Split the difference. 10% over larger diameter, 30% smaller diameter. If there is more than 3-4mm conical change in the first 15mm, EVAR not advisable
61
Do centreline measurements under or over estimate length needed?
Overestimate in cases with extreme tortuosity or if balleting the limb
62
What are advantages of percutaneous EVAR?
3 RCTs, metanalysis 1 - Shorter procedure time 2-Lower postop pain 3-Shorter hospital stay 4- Less wound complications including infection and lymphocele
63
What are disadvantages of percutaneous EVAR?
Higher cost of procedure. Occasional conversion to open.
64
Name 6 relative contraindications to percutaneous EVAR
1 - Heavy anterior calcified plaque 2 - Severely scarred groin 3 - High femoral bifurcation 4-Need for multiple introducer sheath changes 5-Small iliofemoral 6-Significant proximal iliac disease
65
Name 5 ways of addressing small iliacs when putting up an EVAR
1 - coons dilators 2 - focal stenoses - angioplasty 3 - "internal endoconduit" = put up a covered stent and aggressively balloon 4 - balloon expandable sheath 5-iliac conduit
66
What rate/amount do you need for the initial aortogram using a power injector
"10 for 20" - 10 mL total contrast, 20 ml/s rate
67
What are your options if you cannot cannulate the contralateral gate?
1-antegrade from brachial and snare 2-up and over snare 3-convert to aortouni
68
What is the absolute minimum iliac seal zone?
2 cm
69
What percentage of AAA repairs in US are done by EVAR?
90%!
70
What are the zones of the thoracic aorta?

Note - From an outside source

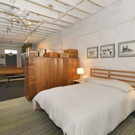 Calling all urban dwellers who embrace a lifestyle and an appreciation for the unique Queen/Ossington neighborhood. Currently configured as a 2-storey loft-style single family home, this laneway house would make an ideal live-in/work space. Upon entry, one is greeted by the soaring 11 ft. beamed ceilings, open expansive space, concrete heated floors, and large picture windows. Access to a private stone patio adds a je ne sais quoi with a European flair. The powder room and laundry area, tucked away behind hanging doors, complete this level. Upstairs, the space is flanked by a gas fireplace and open rooms offering a sightline from the front to the back of the loft. A Juliette balcony allows the fresh air to stream in while the walk-out to a sun deck provides outdoor enjoyment.

0 - between innominate and L CCA 1 - between L CCA and L SCA 2 - L SCA 3 - beyond L SCA 4 - beyond arch
71
Which zones thoracic aorta should have open repair? which should have TEVAR?
0, 1 - open 3, 4 - TEVAR (2 TEVAR w carotid subclavian bypass or transposition.)
72
What are the anatomic size requirements of the native aorta to permit TEVAR?
Native aorta - 16-42 mm
73
How long do sealing zones need to be to permit TEVAR?
2 cm
74
What size do iliacs need to be to accomodate a TEVAR?
5-10 mm depending on device
75
What are your options for TEVAR deployment when iliacs are too small?
Retroperitoneal "transplant" incision, or laparotomy to put conduit on aorta or common iliacs
76
What 2 bypass options are available to do a Zone 1 TEVAR?
1) Right to Left carotid carotid bypass + left carotid to left subclavian bypass 2) Right subclavian to left subclavian + left subclavian to left carotid
77
What are 2 approaches for a Zone 0 TEVAR?
1) Median sternotomy + proximal ascending aorta to left subclavian bypass + extra-anatomic bypass. benefit - do not require cardiopulmonary bypass 2) chimney technique - maintain flow to innominate artery by deploying from right brachial at same time as TEVAR deployed.
78
What are the 2 major limitations of using a chimney technique for zone 0 TEVAR
1 - gutters 2 - can collapse the innominate branch - the sole branch providing perfusion to the brain - fatal
79
What are 3 limitations of laser fenestration in the aortic arch to facilitate zone 0 TEVAR?
1 - holes may not line up 2 - potential trauma to aortic arch 3 - this modification to graft may cause type 2 endoleak
80
Which 4 aortic arch zone 2 TEVARs with branches are available?
1) Gore c-tag: precannulated side branch for left subclavian 2) Medtronic Valiant - flexible LSCA external cuff - not precannulated 3) Relay plus double branch arch - two parallel tunnels to cannulate and revasc innominate and left CCA, still require carotid to subclavian bypass 4) Cook Zenith 2 side branches for innominate and L CCA with 4 trigger wires
81
What are the Cook IFU for fenestrated device?
1-non aneurysmal infrarenal neck of 4mm 2-prox neck diameter of 19-31mm 3 - angulation \< 45 degrees 4 - 3 cm distal landing zone 5 - adequate access
82
What is a p-branch device?
Fenestrations with outpouchings to allow for pivot points and a bit more flexibility than fenestrations.
83
What is a t-branch device?
Tapered stent graft sockets for the visceral vessels
84
What is the primary drawbac of T-branch devices?